(1933–2015) American paleontologist
Born in Boston, Massachusetts, Raup was educated at the University of Chicago and at Harvard, where he obtained his PhD in 1957. After a brief spell at the California Institute of Technology, Raup spent the period from 1957 to 1965 at Johns Hopkins, Baltimore, and from 1966 to 1978 as professor of geology at the University of Rochester, New York. In 1980 Raup returned to the University of Chicago as professor of geophysics.

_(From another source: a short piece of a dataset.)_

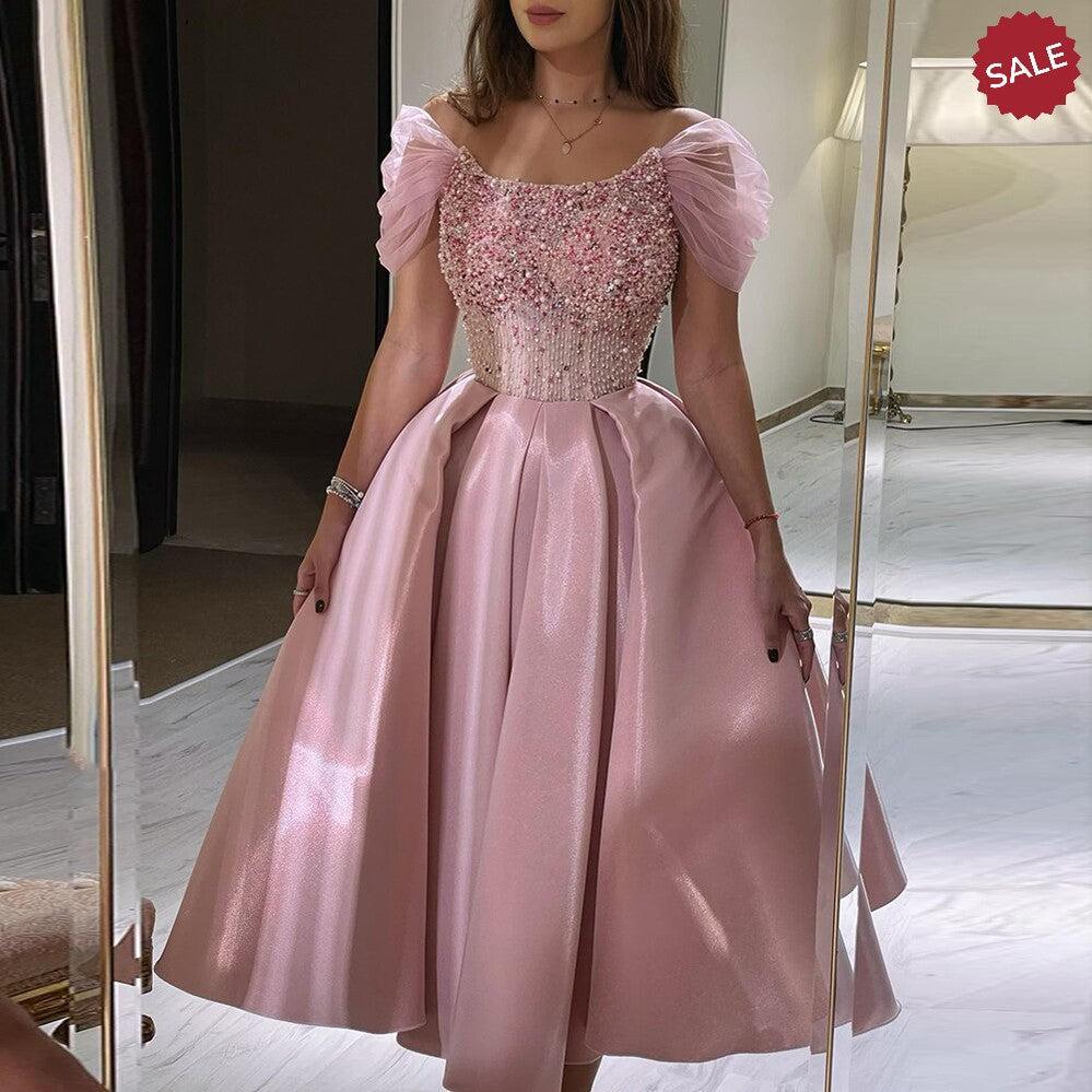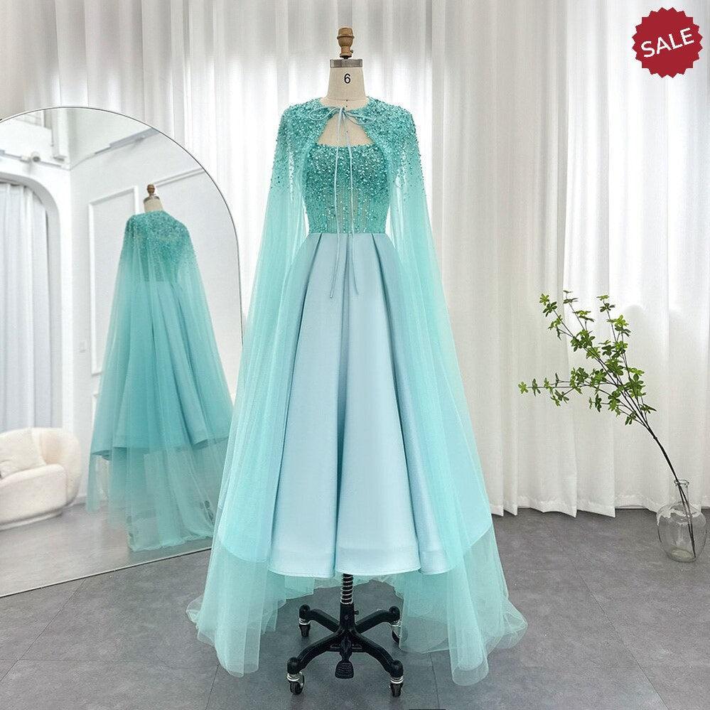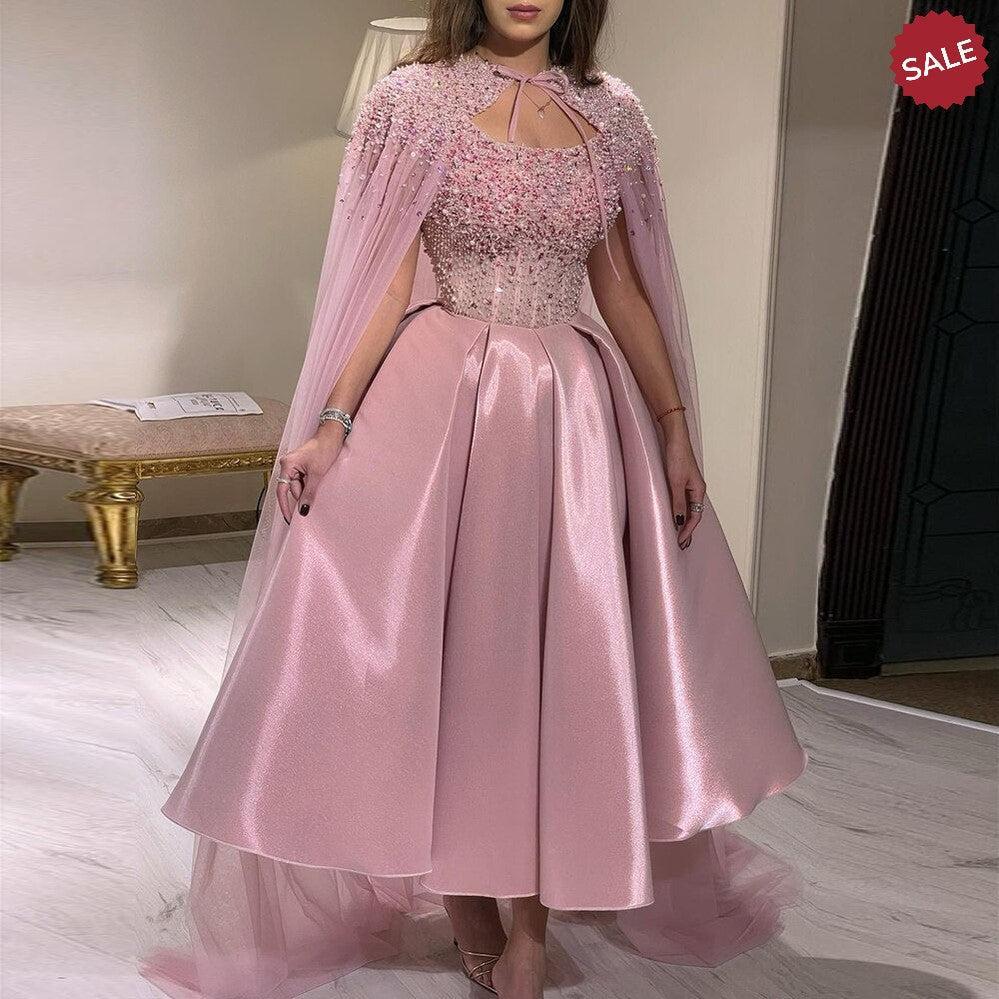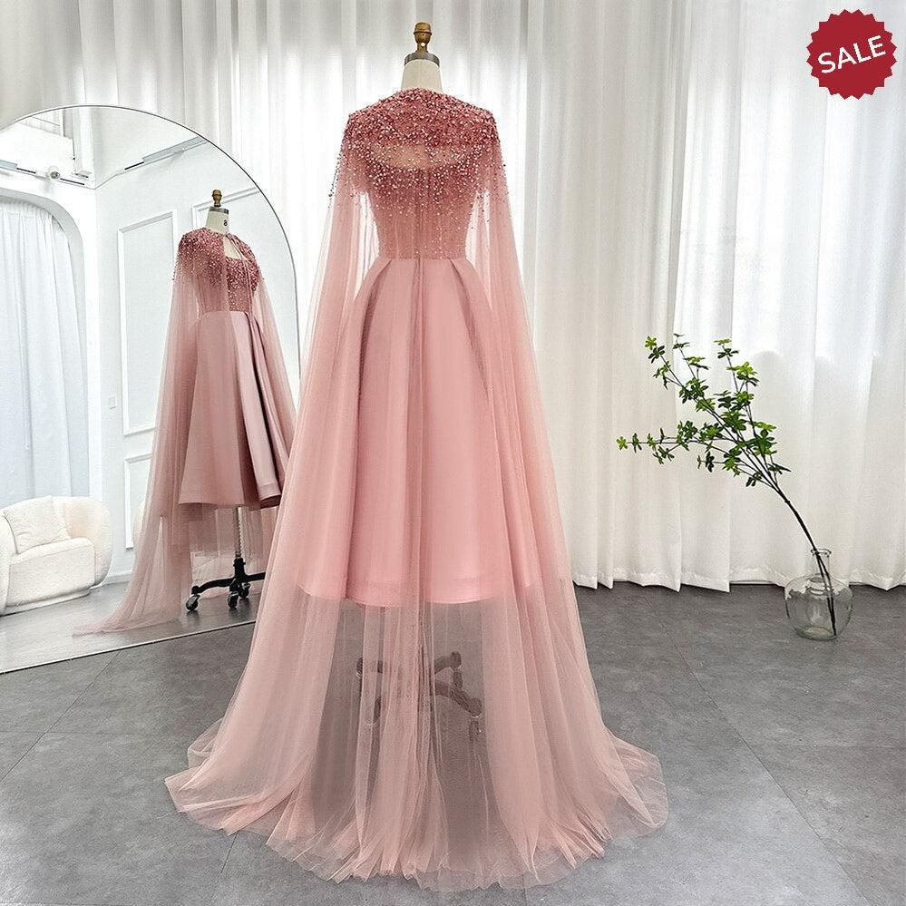 Dreamy Vow Luxury Dubai Blush Pink Arabic Evening Dress with Cape Ankle Length Short Midi Women Wedding Party Dress SS392-DreamyVow

Much of Raup's work was devoted to the problem of extinction. In 1983, in collaboration with John Sepkoski, Raup proposed the controversial thesis that extinction rates were cyclical, peaking periodically every 26 million years. The evidence for the hypothesis was derived from a large body of data collected by Sepkoski.
Initially Raup offered no explanation for such periodicity, other than to suggest that an extraterrestrial cause was more likely than a terrestrial one. Physicists were quick to take up the challenge with Richard Muller proposing the existence of a companion star of the sun, later named Nemesis, with a 26-million-year orbit, bringing with it periodic asteroid showers. Raup described the controversy which developed in his The Nemesis Affair (New York, 1986).
But, writing later in his Extinction (Oxford, 1993), he has noted that most astronomers have rejected the Nemesis and similar hypotheses. As to the 26-million-year periodicity, expert opinion is apparently evenly divided.
Raup also published, with S. M. Stanley, a widely used textbook, Principles of Paleontology (San Francisco, 1978).